Top of Collected data
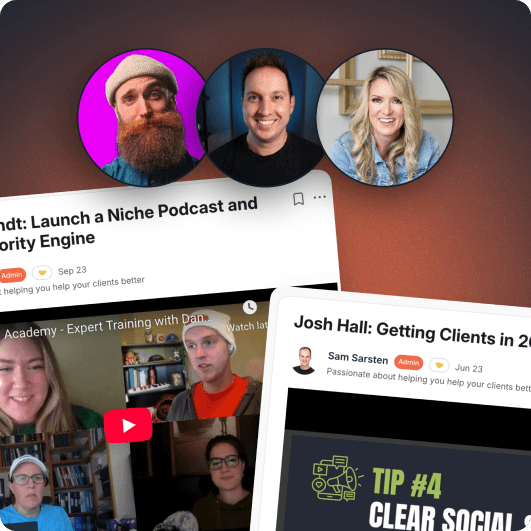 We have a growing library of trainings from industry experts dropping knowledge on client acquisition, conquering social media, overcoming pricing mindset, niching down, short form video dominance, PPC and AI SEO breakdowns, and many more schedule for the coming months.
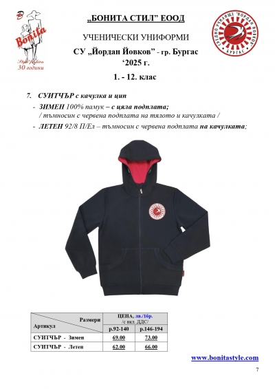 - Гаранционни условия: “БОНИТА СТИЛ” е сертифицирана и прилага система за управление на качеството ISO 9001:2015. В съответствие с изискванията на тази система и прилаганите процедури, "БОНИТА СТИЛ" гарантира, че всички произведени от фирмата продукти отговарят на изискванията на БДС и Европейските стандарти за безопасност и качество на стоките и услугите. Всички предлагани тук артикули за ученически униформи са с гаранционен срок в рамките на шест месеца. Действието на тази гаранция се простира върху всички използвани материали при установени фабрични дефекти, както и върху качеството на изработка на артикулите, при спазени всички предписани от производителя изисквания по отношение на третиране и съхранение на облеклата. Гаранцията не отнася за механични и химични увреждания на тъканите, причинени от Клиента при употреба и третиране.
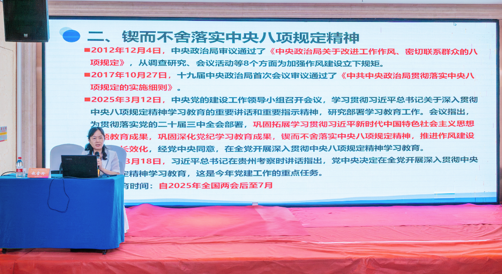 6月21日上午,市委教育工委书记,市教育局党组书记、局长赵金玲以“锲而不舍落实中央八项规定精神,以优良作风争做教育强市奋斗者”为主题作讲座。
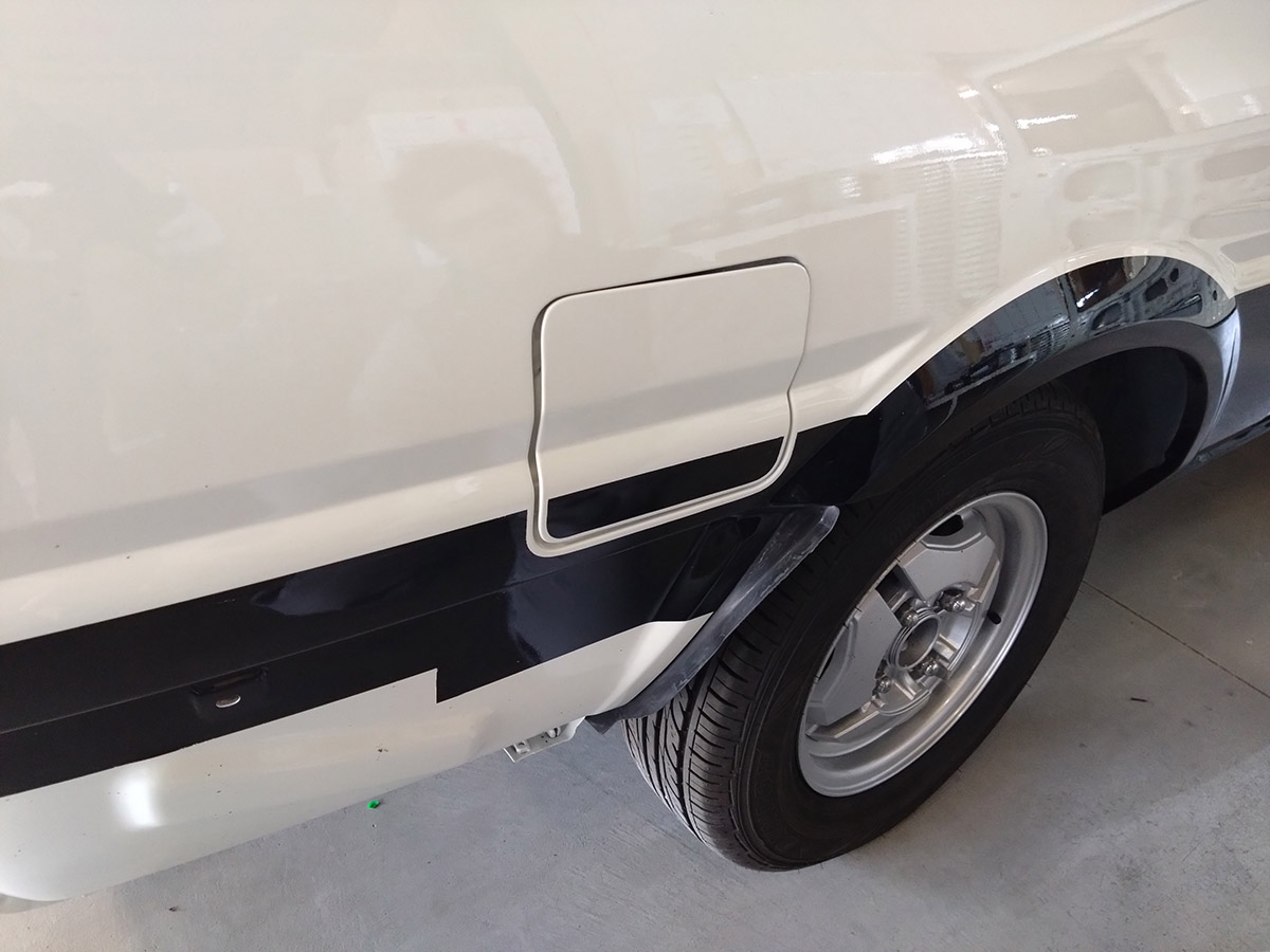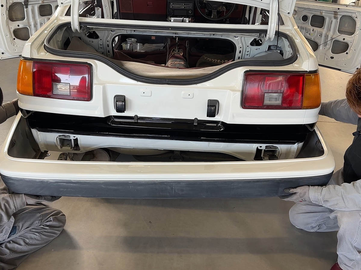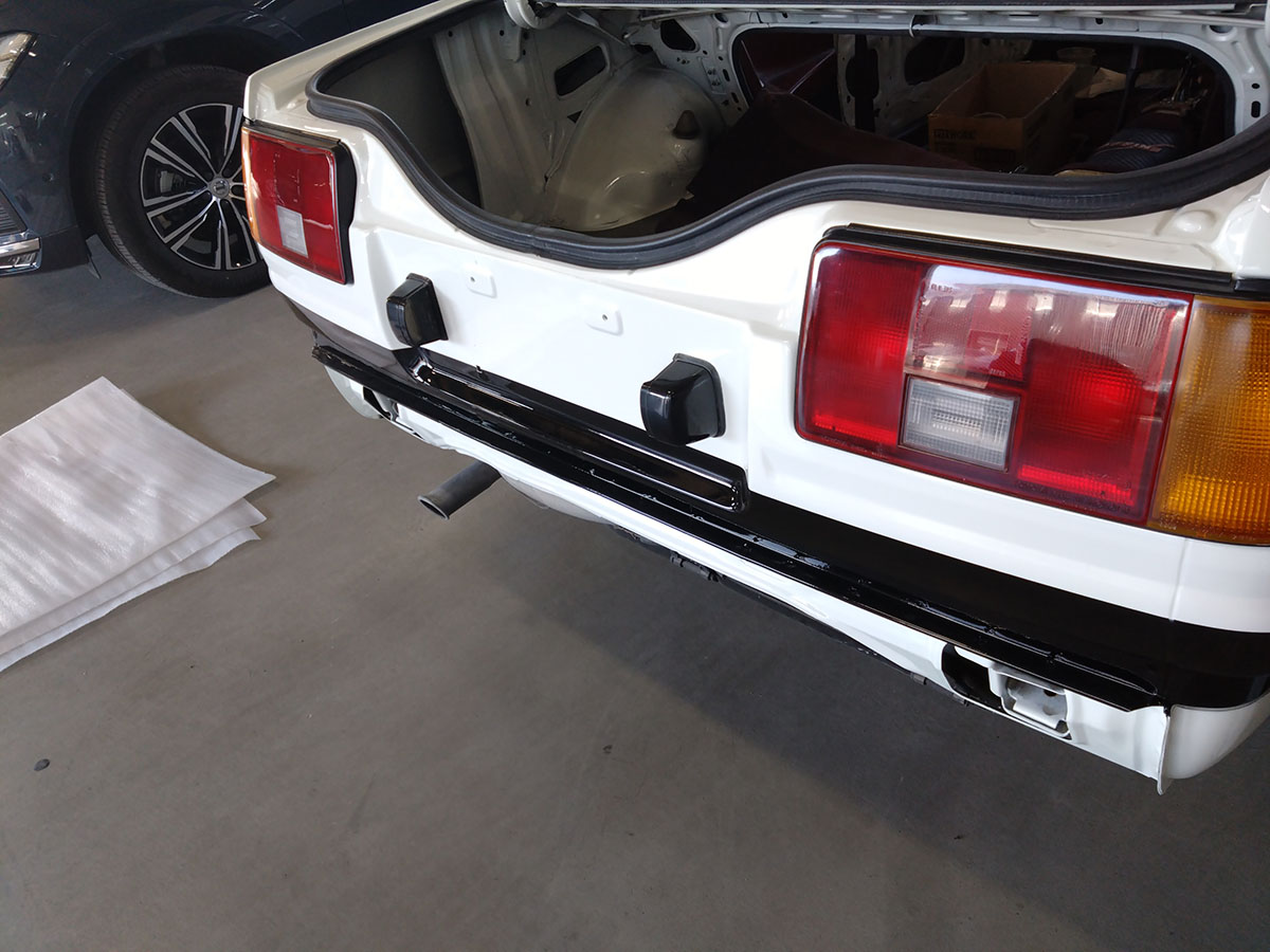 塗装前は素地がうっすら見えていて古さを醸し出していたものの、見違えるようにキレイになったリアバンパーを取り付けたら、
Bottom of Collected data
Lines from the one that holds "употреба и третиране." through the final line of the material are to be duplicated exactly; no pictures belong in the copy.

 - Гаранционни условия: “БОНИТА СТИЛ” е сертифицирана и прилага система за управление на качеството ISO 9001:2015. В съответствие с изискванията на тази система и прилаганите процедури, "БОНИТА СТИЛ" гарантира, че всички произведени от фирмата продукти отговарят на изискванията на БДС и Европейските стандарти за безопасност и качество на стоките и услугите. Всички предлагани тук артикули за ученически униформи са с гаранционен срок в рамките на шест месеца. Действието на тази гаранция се простира върху всички използвани материали при установени фабрични дефекти, както и върху качеството на изработка на артикулите, при спазени всички предписани от производителя изисквания по отношение на третиране и съхранение на облеклата. Гаранцията не отнася за механични и химични увреждания на тъканите, причинени от Клиента при употреба и третиране.
 6月21日上午,市委教育工委书记,市教育局党组书记、局长赵金玲以“锲而不舍落实中央八项规定精神,以优良作风争做教育强市奋斗者”为主题作讲座。
 塗装前は素地がうっすら見えていて古さを醸し出していたものの、見違えるようにキレイになったリアバンパーを取り付けたら、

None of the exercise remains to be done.